The other issue of the direction of evolution is related to the seemingly non-personal, non-intelligent ways evolution is described. Terms like "the survival of the fittest," "natural selection," "adaptation" and others appear to camouflage the fact that development is from the simple to the complex and reflect an essential goal or purpose. Simple mechanistic laws of evolution do not explain the plethora of life in existence. What passes under the heading "nature does this or that" would make more sense if "Creative Mind" or God were substituted for "Nature."
Reality is too complicated to explain in mechanistic terms alone. Matter can be studied, but needs the "existence of a Supreme Being in order to ground the universal system of change and reality."47
Persons are the most important beings in the world. Science has had a major impact in depersonalizing man. The emphasis on facts, scientific methods, verification, and objectivity has overlooked the fact that man is the being, the person who does all of this. "Persons and values cannot be swept aside without at the same time sweeping out the sweeper."48 Thus to say that persons are the most important beings in the world is not unimportant. What meaning does anything have apart from persons to value them?49 Moreover, things do not satisfy persons; only persons do that. A person is:
a field of energy in which certain activities are known to take place. Activities of human genius, insights, discoveries, conquests of animal instincts, mastery of will, spiritual values, these cannot be denied without the denial also of that which distinguishes human from animal existence.50
There are certain elements of personhood that personalists feel are important. First, man is free, not absolutely, but within certain bounds. Man is free "to do right, to fulfill the normal functions of the organism, and in man this means that freedom can be fully realized only as he fulfills the higher demands of the human spirit and consciousness."51 Man is not free to do wrong although in a sense he is. As wrong is chosen one's freedom becomes less. Wrong corrupts man and the more he permits himself to be dominated by evil he betrays and imprisons himself. Choosing the right is expansive. Right builds upon right choices. Right is the only real choice open because a double life--combining good and evil--is a self-deceiving life.
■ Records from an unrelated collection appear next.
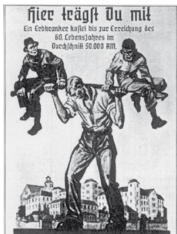
All sick people were regarded as "damaging to the people's community". Nazi propaganda poster

Tuberculosis sufferers were also labelled as a carriers of 'inferior genes' and had to be excluded from the reproductive process as far as possible. It was necessary: 'To evoke the old instinctive aversion to marrying into families with tuberculosis and to warn
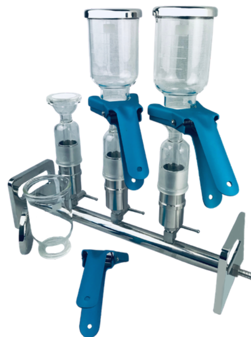
SPE Disk manifold for AttractSPE® Disks

Note: The eluate can also be evaporated to concentrate the analytes and improve the limit of quantification.
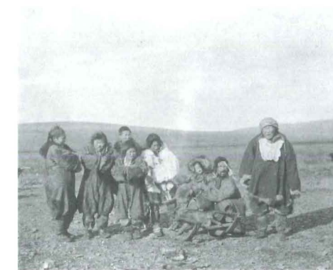
369. 'NE Siberia, tundra E from the mouth of Kolyma, a Chukchi's family', photographed during Buturlin's 1905–06 expedition.
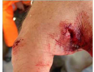
Employee badly cuts hand after tripping and falling

When reviewing these accidents, in which colleagues have suffered considerable pain and discomfort, it is apparent that nearly half have involved wounds to hands / fingers . Injuries have included amputation of part of a little finger and several examples of broken fingers / thumbs and cuts requiring stitches.
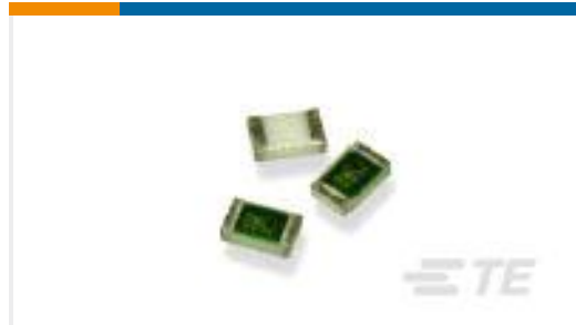
TE Part #8-1879215-5 CPF 0402 34K8 0.1% 25PPM 1K RL
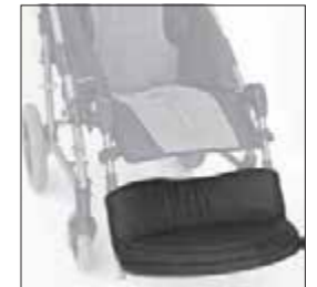
892 FOOT PLATE PADDED COVERING
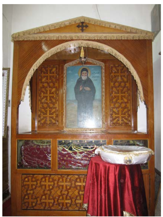
Fig. 3. Icon and relics of St. Samuel. The body of St. Samuel has been kept in the monastery as holy relics.
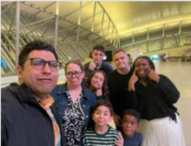
GOODBYE WILBERS :(
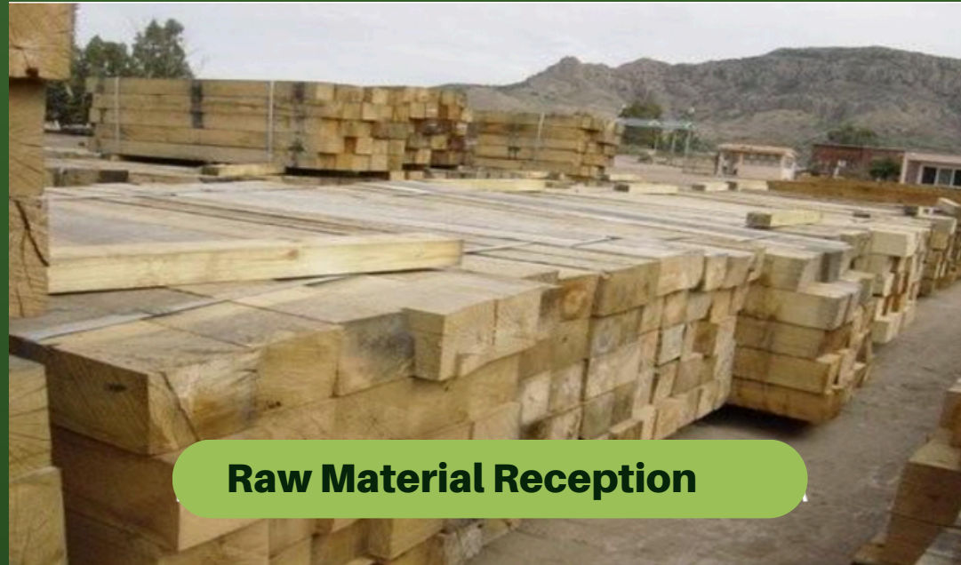
Raw Material Reception
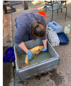
Whoa! My world just got very small!
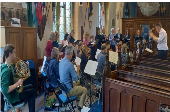
Rehearsal for Music Sunday at St Mary's Hemyock, June 2024

You could be the next Rector of the Upper Culm Valley Mission community!
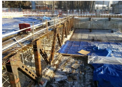
Fig. 5. Construction of 3-storey underground parking. Slab supported by truss structures.
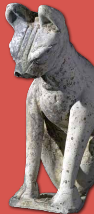
Sitting dog of pipeclay, child's toy (Gaul, 2nd c. AD)
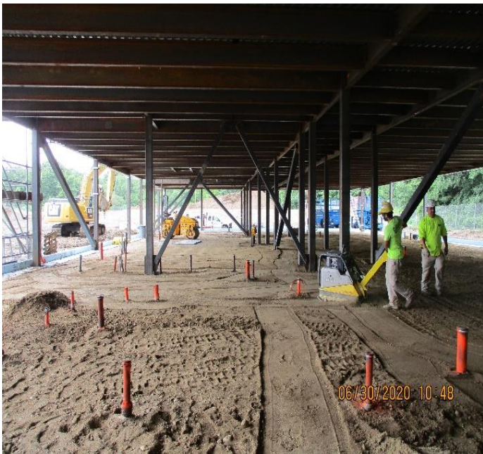
COMPACTION OF BUILDING B SUBGRADE

Disloyalty in his social life, in his heart life, in his emotional life, disloyalty to those over him, introduces inner conflict which bring inevitable deterioration and keep him back from the fullest success. In the long run, the external and the internal life must be in harmony or the secret one will become the master of the other.54
The choices that we make are related to self-respect. "Unless I can keep or regain when lost, my self-respect,, I am done for as a person, for I must live with myself forever."53 The secret life can ruin self-respect.
Second, freedom is related to God. God is described as an audacious person who has linked his goals for the cosmos with that of free persons. This audacity is more apparent when God is seeking to achieve his goal working with the freedom of man, granting freedom to man, and being threatened with man's exercise of his freedom to be uncooperative in achieving moral goals.54 In the highest sense man is a co-worker with God in creating and building a better world.
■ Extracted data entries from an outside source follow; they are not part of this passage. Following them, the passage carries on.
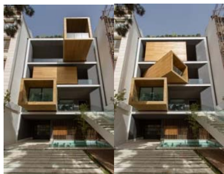
Fig. 3 Sharifi-ha House by Next Office [12]

The main design strategy in this house is the flexibility and transformability of its facade from a two-dimensional facade to a three-dimensional one, which provides a great opportunity for the inhabitants to simply adjust their living environment with the climatic situation of the region to achieve maximum comfort with least amount of energy.
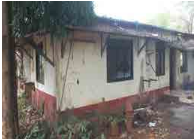
Office Block (Admin Building)
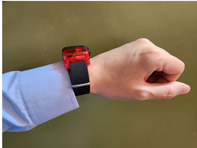
Fig. 2 Actigraph wGT3X-BT (ActiGraph, Florida, USA)
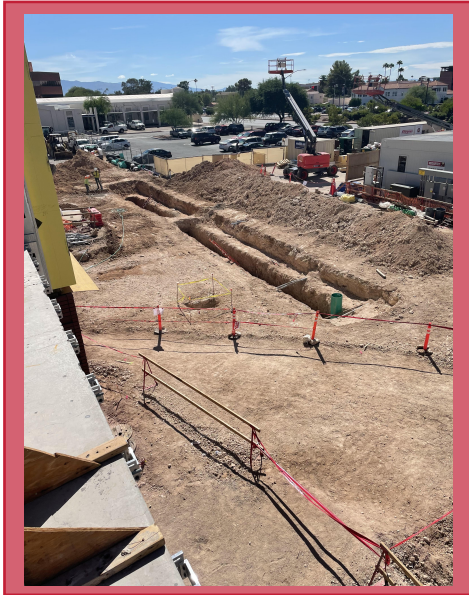
Site Excavations for Storm Water pipe that will connect into the underground storage tank system
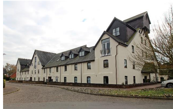
Nos.1-23 (cons) The Maltings, Staithe Road

Nos.1-5 The Watermill, Staithe Road. Former provinder (or animal feed) mill of 1902 built for the Marston family, closed c1956 and now converted to apartments. Wheel and machinery removed. Its watercourses have been partially filled in and turfed over. Painted brick and weatherboarding. Twentieth century wooden casement windows. The site has long been occupied by water powered mills, the previous one being destroyed by fire c1900.
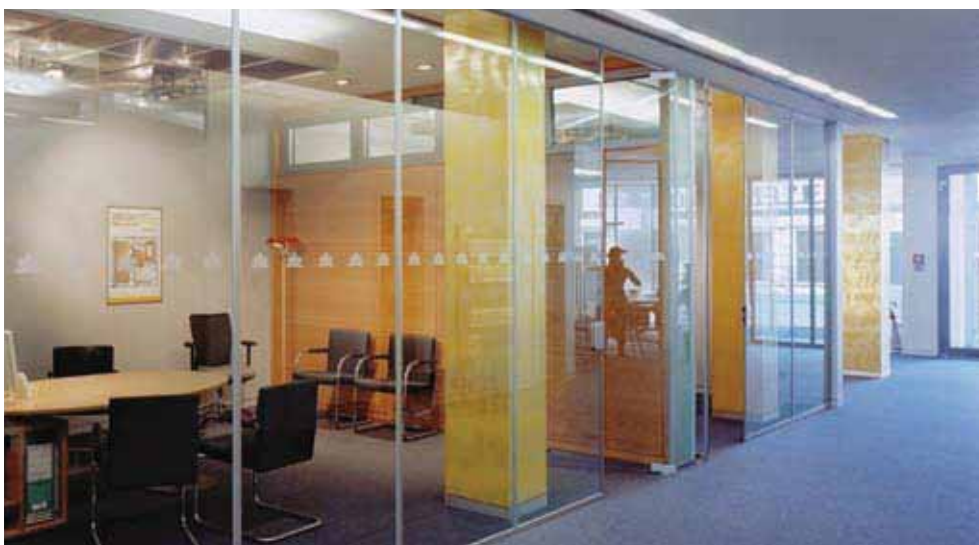
Commerzbank branch office, Berlin-Nord

Lindner offers you overall national presence, our own capacities, short reaction times and partnership with a strong company for any building project: from small to large-scale projects.
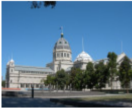
ROYAL EXHIBITION BUILDING AND CARLTON GARDENS (WORLD HERITAGE PLACE) SOHE 2008
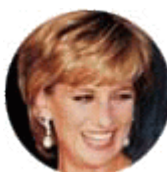
Princess Diana Princess of Wales

1/64th Armenian! The most widely known living person in the world before the fatal car accident, she was well loved for not being aloof. She made removal of landmines worldwide her cause.
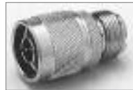
'N' (M) to UHF (F) UG-146/U
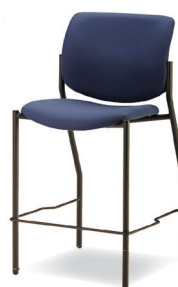
C-14-NA Stool, Glide, Armless

Seating shown are models C-14 NA and C-14 (Cover)
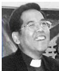
Chinese Annual Conference President

The Methodist Church in Malaysia has Six Annual Conferences and one Mission Conference. In this issue of Pelita, we would like to introduce these Presidents and Superintendent. The Presidents have also included their New Year greetings and thoughts for the coming year.
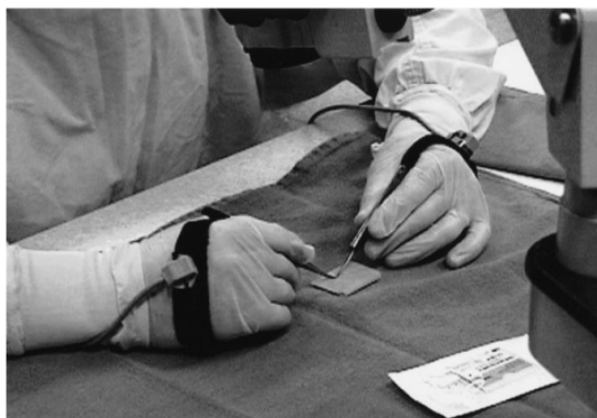
Fig. 1 Electromagnetic trackers placed on backs of microsurgeons' hands allowed positional data to be recorded and analyzed by computer software while subject performed a standardized microsurgical task [9]

Persons are necessary for other persons. There is no personality apart from persons.55 A baby raised in isolation from persons cannot grow up to be a true human being. In a similar way man is related to God who is the Father of spirits. Flewelling notes:
Without God, man is a truncated pyramid, and a very lowly one at that. He must reach out beyond himself and the day's thoughts and achievements into an infinitude of possibilities. This he cannot do without the God concept and faith. Man's highest nature is also his truest nature, and this truest nature is one with Divinity itself, a manifestation in time of the Eternal God, the measure of all things.56
Since we have come to the relation between persons and God, we will now look at the personalist's view of God.
God receives several different treatments in personalism ranging from the view of McTaggart in which persons, not God, are eternal, to the finite view of God as seen in Brightman. Here we will look briefly at the more traditional personalist's view with an additional look at Brightman's concept of a finite God.
First, the traditional view. Related more to the Christian view of things, this view rejects atheism as well as the Absolute of Objective Idealism. The Absolute, expressed in pantheistic religions and philosophies, tends to negate personality and individualism. If the person--and this is the goal in pantheism--is absorbed into the World Soul, it would mean that his whole moral life is brought to an end, and his role as an individual is illusory. Moreover, it is argued, if a person ceases to be a person, the destruction of energy takes place which would be contrary to the scientific principle of the conservation of energy.
In another way believing in an Absolute would be compromised if one believed in creation of time and space and the world. Creation is the expression of one's self and the making of the world would be an act of voluntary self-limitation. This may be related to another objective of the personalists about the Absolute. The Absolute or World Soul is usually regarded as lacking in personality, and to become like the Absolute is to become "completely depersonalized, unhuman, unrelated to the world of sorrow and experience."57 If this be the case, then a judgement about personality is made: The Absolute has caused it to be--which the Absolute has not--and if the Absolute has made a mistake, it is evil. If it has not made a mistake and personality is good, why do Absolute-ists denounce personality as an obstacle to union with the Absolute?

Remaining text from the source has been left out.